This Week on p5p 2001/03/05

Notes

You can subscribe to an email version of this summary by sending an empty message to perl5-porters-digest-subscribe@netthink.co.uk.

Please send corrections and additions to perl-thisweek-YYYYMM@simon-cozens.org where YYYYMM is the current year and month.

We’re trying something new this week, and providing brief biographies of some of the more prolific porters. If you have anything to add to this, or object to something I’ve said about you, email me as above.

Locale Support

Andrew Pimlott filed a bug report related to POSIX::tolower; basically, it is not as locale-aware as Perl’s own lc. He also found that lc failed to be locale-aware while in the debugger. Nick Ing-Simmons pointed out that use locale is lexically scoped, and the debugger is in a different scope, meaning that it won’t pick up on the pragma. Andrew thought this was probably a bug (the debugger not assuming the debuggee’s scope) but it is unclear as to how that could be fixed. Nick wondered if the first was due to not calling setlocale, but Andrew reported that this didn’t help anything.

Andrew then went digging around in POSIX.pm and found that isalpha is perfectly locale aware, but tolower is not - this is because isalpha is written in XS, but tolower simply calls lc; because it’s in a different lexical context, it doesn’t pick up on the use locale. It transpires that XS code does execute in the same lexical context as the caller, which is quite strange. Andrew pointed out that there’s no way to make a pragma dynamically scoped. He said:

I think this raises some fundamental issues, but I’m not sure exactly which. It seems clear that one would like to be able to write a correct tolower (ie, exactly equivalent to lc, as per the POSIX documentation) in pure Perl. One possibility is a TCL-like “uplevel”, but I desperately hope that doesn’t turn out to be the best option.

I asked why POSIX functions were being implemented in Perl instead of C, and Andrew replied that in some cases it already works merely by magic: Perl doesn’t correctly turn on and off locale support lexically, so some functions inherit the support for free.
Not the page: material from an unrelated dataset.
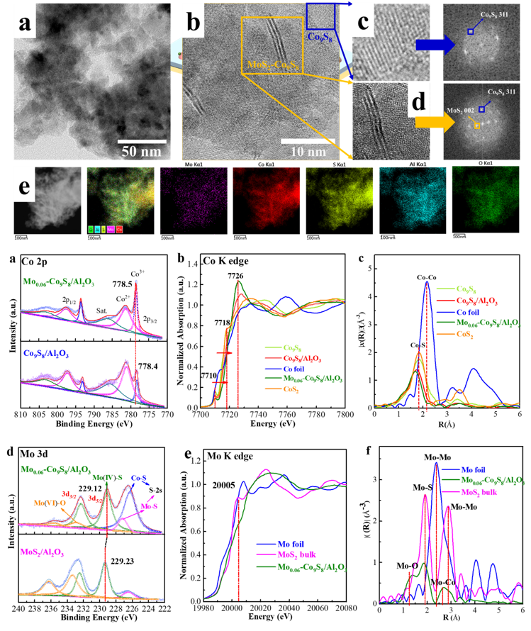 Recently, Professor Ji’s group from the School of Environmental Science and Engineering constructed a new catalytic material of Mo doped Co9S8 nanoparticles anchored on Al2O3 matrix by a simple method with CoAl-hydrotalcite as a precursor. In this multifunctional assembly Mo-Co9S8/Al2O3 catalyst, the Mo atom is coordinated to three bridging S atoms on the top site of Co9S8, resulting in theoretical CNMo-S= 3. This Mo-Co9S8 interface exhibits electron transfer from Co to Mo sites, and possesses the unique capability for the adsorption of oxygenated compounds, which could selectively convert lignin to arenes with high hydrodeoxygenation activity and selectivity. More importantly, the catalyst displays superior tolerance to high reaction temperature, and resistance against being poisoned by H2O, owing to the anchoring effect of Al2O3 matrix and “protection” of Co9S8. In particular, it also shows compatibility in the conversion of different substrates including lignin bio-oil and real lignin. This work not only establishes an active and high-temperature stable catalyst (MoCo9S8/Al2O3) for the HDO of lignin, but also stimulates mechanism understandings and provides an effective strategy to design more efficient and stable sulfide catalysts for high-temperature reactions in the future. Related research results named <Fabricating high temperature stable Mo-Co9S8/Al2O3 catalyst for selective hydrodeoxygenation of lignin to arenes> has been published in the internationally renowned journal Applied Catalysis B: Environmental (IF=19.052) (https://doi.org/10.1016/j .apcatb.2022.121067).

Jarkko grumbled about locales in his customary manner, and said he’d take a look at the areas which needed setlocale calling, but then Andrew had a revelation:

Hmm, looks like I missed an essential point: locale support is not dependent on ‘use locale’ at all! This seems to be intentional. perl unconditionally calls setlocale() on startup, and never calls it again (unless you use POSIX::setlocale() explictly). So POSIX::isalpha() respects $LANG by default, even if you never mention the locale pragma.

It is only where (core) perl has a choice between calling a locale-sensitive libc function, and doing things its own way (eg, hard-coding character semantics), that the locale pragma currently matters. Since the string value of $! requires calling a locale-sensitive function (strerror()), $! always respects locale.

And you wonder why Jarkko throws his hands in the air at the mention of anything locale-related…

Coderef @INC

Nicholas Clark provided a patch which extended the little-known coderef-in- @INC feature to allow passing an object; if you pass an object instead of a coderef, the INC method will be called on it. This has allowed him to create an experimental pragma, ex::lib::zip which lets you put a module tree inside a ZIP archive and Perl will extract the modules it needs from it.

He then also explained what it was all about, in the hope that someone would write some proper documentation. Nobody did so, (my fault, I promised to but didn’t get around to it) but his extremely helpful explanation of the coderef-in- @INC API, and the cheap source filter API it allows can be found here.

Briefly, you can do

    BEGIN {
        push @INC, \&somesub;
        sub somesub {
            my ($owncoderef, $wanted_file) = @_;
            # Produce a filehandle somehow
            if ($got_a_handle) {
                return *FH;
            } else {
                returm undef;
            }
        }
    }

and have your subroutine intercept calls to use. The ByteCache module on CPAN makes use of this to cache just-in-time compiled versions of modules.

More Memory Leak Hunting

Some people started complaining about the lateness of 5.6.1, and Alan mentioned the he probably wouldn’t be able to ship 5.6.1 in Solaris yet because of what he saw as “the large number of leaks”. Sarathy disagreed:

I strongly suspect you’ll end up shipping no version of Perl with Solaris, then. Every single version of Perl out there has more unfixed “leaks” than 5.6.1-to-be, and some “real” ones to boot.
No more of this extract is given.